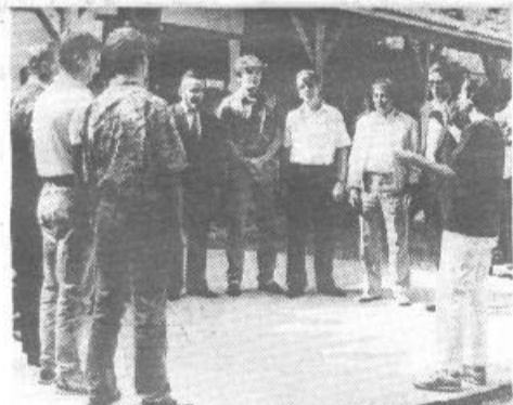
Ubrano so zapeli pevci iškovarskega Orfeja in s pesmijo dali srečanju vedrejši ton.

Iška vas – pa prejme Blagajano najboljših. To je
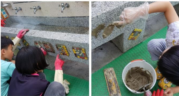
認識材質的運用 水泥黏貼牆面
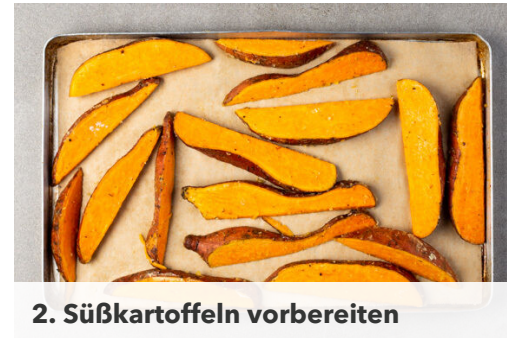
2. Süßkartoffeln vorbereiten

Die Pattys zu den Süßkartoffeln in den Ofen geben und 10Min. mitbacken. Inzwischen die übrige Zwiebel in feine Streifen schneiden und mit 4EL Essig, 1/2TL Salz und 1-2TL Zucker vermengen.
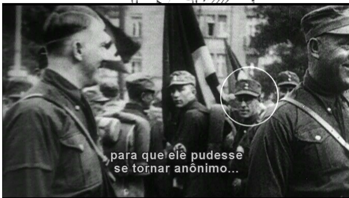
Figura 11: fotograma de Zelig (1983). Tempo: 1:05:24

O ponto de fuga da imagem é a bandeira, representante máxima do nacionalismo pretensamente defendido pelo partido nazista. Em seu centro há um soldado, que olha para Hitler. Numa situação normal, depois do Ditador, esse soldado seria a figura de maior destaque da imagem. Está exatamente no ponto de fuga. Mas não é. Zelig está a sua direita. O
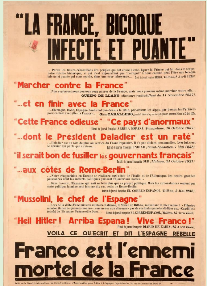
Affiche du Comité de coordination et d'information pour l'aide à l'Espagne républicaine, 1938. ADI, 10 Fi
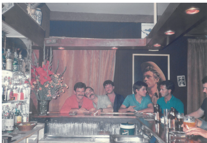
Clients i amics del bar La Tortuga del carrer de Santa Teresa. Data: 1982. PC.

Si durant els anys seixanta els bars d'ambient assumien les seves activitats amb discreció, això va canviar amb la mort de Franco l'any 1975. La seva mort suposà l'inici d'una major llibertat d'expressió i d'actuació en molts àmbits, però sobretot per als homosexuals. Si bé és cert que l'any 1970 s'havia aprovat la Llei de Perillositat i Rehabilitació Social 5 que categoritzava als homosexuals com a perillosos socials, incrementant-se així les batudes policials als locals d'ambient de les capitals, Lloret no se'n va veure gaire afectat com a conseqüència de l'interès econòmic que suscitava el turisme. A més, els propietaris acostumaven a evitar tot incident que podria haver donat motius per a tancar els seus locals. Tan propietaris com clients habituals ens han assegurat que el tràfic de drogues estava totalment prohibit dins dels locals, encara que el consum de haixix i
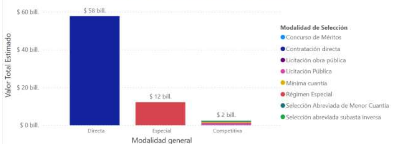
Valor Total Estimado por Modalidad de Selección
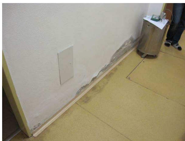
Foto č.12 – vlhkostní mapa se solnými výkvěty na vnitřní stěně v m.č. 0.32, v podlaze je umístěna revizní šachta kanalizace RŠ2
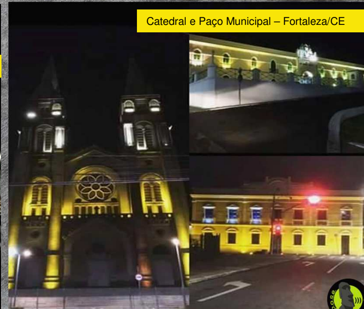
Catedral e Paço Municipal – Fortaleza/CE
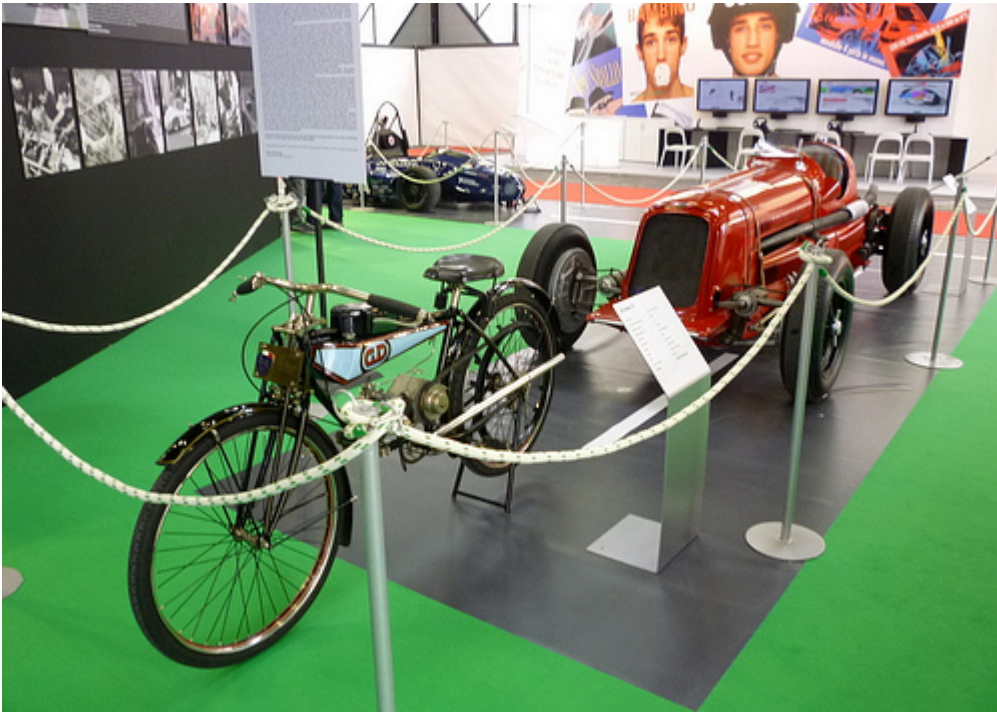
La motocicletta GD Stella 2T del 1923 e la Maserati 6C Grand Prix del 1934
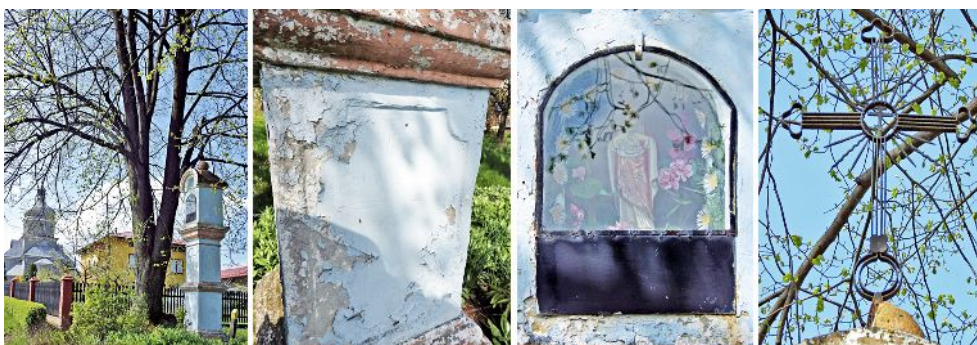
Fig.5. The column shrine in Czarnorzeki. From the left: general view, illegible inscription, the Jesus figure, detail of the cross. Photo by N. Szarek, 2016.

Object № 3 – is also a stone column shrine, divided into three main parts, situated between two lime trees. It is located near former Orthodox Church (fig. 5). It was built with stone, the upper part has a niche with the modern Jesus figure, covered with glass. The gable, stone roof is surmounted by steel, forged cross. The shrine is dated to 1880.
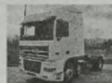
'88 DAF XF 430 SPACE CAB EURO 2, L-pakiet, 430 KM, webasto, klimat., DEB, spalanie, c. smarowanie.
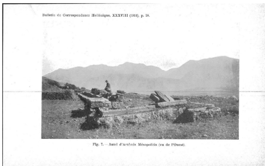
Άποψη από τα δυτικά του βωμού της Άρτεμης Μεσοπολίτιδας

Χάρη στη λεπτομερή περιγραφή του Πausανία, τον αρχαιολογικό χώρο του Ορχομενού επισκέφθηκαν και περιέγραψαν περιηγητές του 19 ου αιώνα, όπως ο Dodwell και ο Leake. Λεπτομερή αναφορά στον οχυρωματικό περίβολο της αρχαίας πόλης πραγματοποιεί στις αρχές του 20 ου αιώνα ο Hiller von Gaertringen. Οι πρώτες και σχεδόν αποκλειστικά μοναδικές ανασκαφές στην Άνω και Κάτω Πόλη διεξήχθησαν το 1913 από τους G. Blum και A. Plassart, οι οποίοι τον επόμενο χρόνο δημοσίευσαν τα αποτελέσματα της έρευνάς τους στο άρθρο με τίτλο: “Orchomène d’ Arcadie. Fouilles de 1913. Topographie, architecture, sculpture, menus objects”, BCH 1914, σελ. 71-88, πίν. III – V.
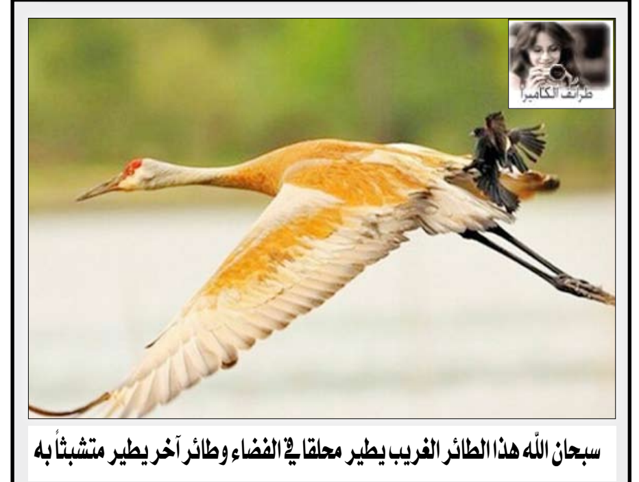
سبحان الله هذا الطائر الغريب يطير محلقاً في الفضاء وطائر آخر يطير متشبهاً به
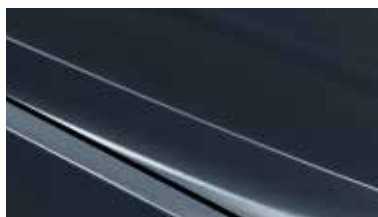
EU3 - Smoke Blue 2
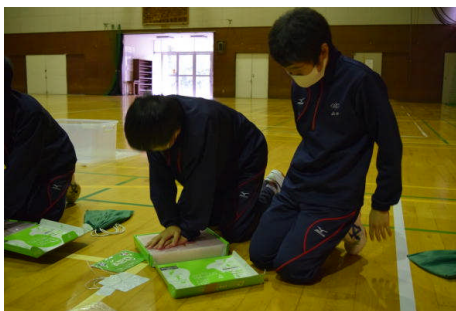
一人で10分間は大変なので
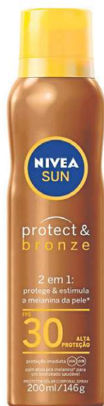
Sun Protect & Bronze Spray FPS 30, da Nivea (R$ 55)

### INSTRUCTIONS FOR THE TASK
Word for word, please, restate the lines of the listing from the one holding "Άποψη από τα" down to the last line, leaving out any pictures.

### TASK ANSWER
Άποψη από τα δυτικά του βωμού της Άρτεμης Μεσοπολίτιδας

Χάρη στη λεπτομερή περιγραφή του Πausανία, τον αρχαιολογικό χώρο του Ορχομενού επισκέφθηκαν και περιέγραψαν περιηγητές του 19 ου αιώνα, όπως ο Dodwell και ο Leake. Λεπτομερή αναφορά στον οχυρωματικό περίβολο της αρχαίας πόλης πραγματοποιεί στις αρχές του 20 ου αιώνα ο Hiller von Gaertringen. Οι πρώτες και σχεδόν αποκλειστικά μοναδικές ανασκαφές στην Άνω και Κάτω Πόλη διεξήχθησαν το 1913 από τους G. Blum και A. Plassart, οι οποίοι τον επόμενο χρόνο δημοσίευσαν τα αποτελέσματα της έρευνάς τους στο άρθρο με τίτλο: “Orchomène d’ Arcadie. Fouilles de 1913. Topographie, architecture, sculpture, menus objects”, BCH 1914, σελ. 71-88, πίν. III – V.
سبحان الله هذا الطائر الغريب يطير محلقاً في الفضاء وطائر آخر يطير متشبهاً به
EU3 - Smoke Blue 2
一人で10分間は大変なので
Sun Protect & Bronze Spray FPS 30, da Nivea (R$ 55)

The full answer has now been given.